I dotwatched a couple of years ago, when I couldn't ride (as we'd had a baby just a few weeks before).
I really enjoyed it. I love maps and working out routes, and was familiar with some of the roads used, which helped. Also, having done the race before, I understood it from a rider's point of view.
I got a mix of people: I was lucky to be given one of the race leaders, I had a couple who were mid-pack, a straggler, a pair and one poor guy whose tracker didn't work so I had no idea where he was until he packed in.
For me, it was the next best thing to riding. I really got into following it, especially the battle at the front between James Hayden, Bjorn Lenhard and Jonas Goy. I learned things that have since been very useful when I have been racing and planning my route that I wouldn't have learned just from doing the ride.
My lead rider was scrupulous in adhering to the rules, but one of my dots made about 6 infringements on illegal roads. I spent most of my time on my lead rider.

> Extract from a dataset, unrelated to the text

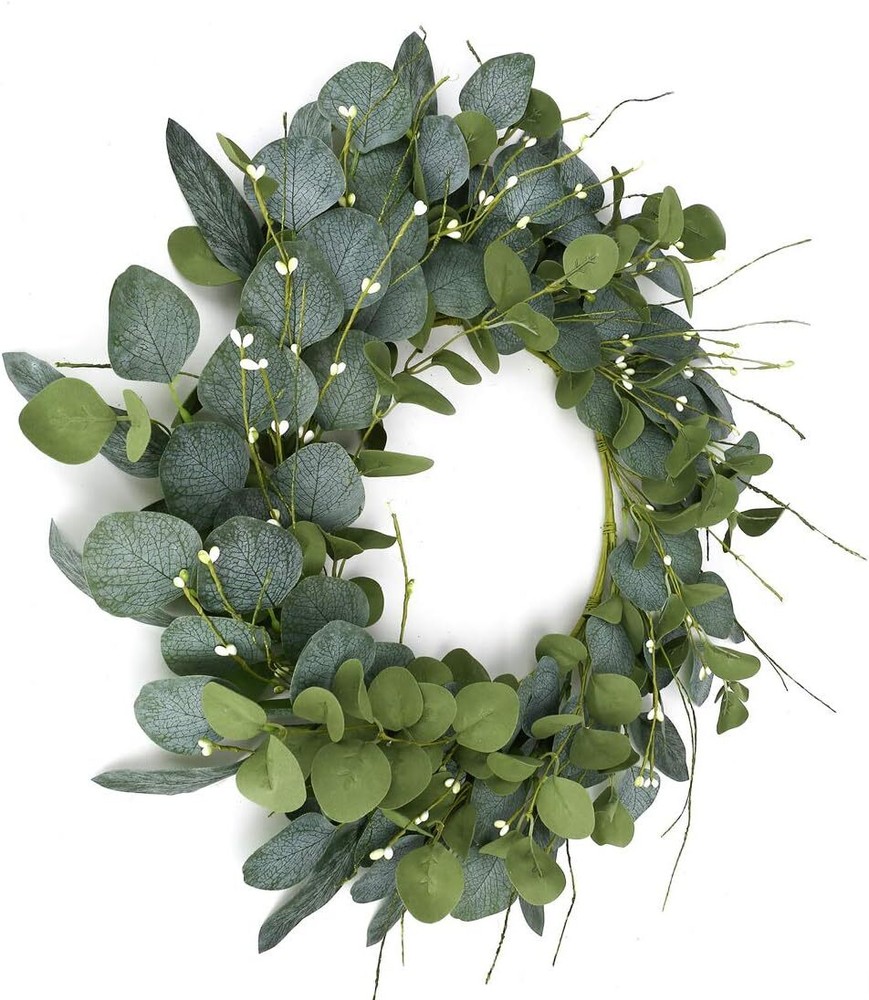 20inch Eucalyptus Wreaths for Front Door Spring and Summer 20 Inches, Green Artificial Door Wreath: This eucalyptus wreath is handmade with two different kinds of eucalyptus leaves. The leaves are very thick and many twigs with small lovely berries stretch. The whole green wreath is full and realistic,Bring life and vitality to your home decoration. Perfect Size: The 20-inch eucalyptus wreath will draw attention wherever it is placed. Once unpacked, you simply fluff it up and you'll have a lovely door wreath,make your front door decor stand out! Versatile Decoration: This green wreath is perfect for any room or space and will bring your space closer to nature and delight you every time. Of course, the eucalyptus wreath can also be used in holiday, party or wedding decorations. High-quality: This eucalyptus wreath with green main color is suitable for all seasons and is made of long-lasting and durable materials, made by pure hand, focusing on every detail to perfection, never wilting can be used for many years. Service Guarantee: Customer satisfaction is our top priority. We not only provide high-quality eucalyptus wreath but also provide satisfactory service. So if you have any questions, please don’t hesitate to contact us, and we will give you a satisfactory solution. Shipping We offer FREE shipping on all orders! We ship within Three business days of payment, usually sooner. We use a selection of shipping services such as UPS, FedEx, USPS etc. We only ship to the lower 48 states, no APO/FPO addresses or PO Boxes allowed. Local pickups and combined shipping options are not provided at this time. Return You can return a product for up to 30 days from the date you purchased it. Any product you return must be in the same condition you received it and in the original packaging. Please keep the receipt. Customer satisfaction is very important to us. If you have any problem with your order, please contact us and we will do our best to make you satisfied. Contact Us If you have any queries, please contact us via ebay. We usually respond within 24 hours on weekdays. Please visit our eBay store to check out other items for sale! Thank you for shopping at our store.

Partly because it was more important to the race but also because some of the others used a similar route so I didn't need to check it in detail.
The hard bits are in the mountains where there are often several routes parallel to each other. And countries without streetview are harder - Germany, Austria, Bosnia, etc - as it is useful to be able to look at the junctions for road signs.
It took me maybe an hour and a half per day for the first week, then less time as my riders finished or scratched. I then helped out on a few special analysis projects.
You really need two monitors (or one big one that you can split) so that you can look at maps at the same time as trackleaders / freeroute or whatever the dot is in.
Massive thanks to everyone who is helping - at controls, dotwatching or otherwise. If anyone wants any more info or advice on dotwatching, let me know: I wrote a short guide after I did it that I can share.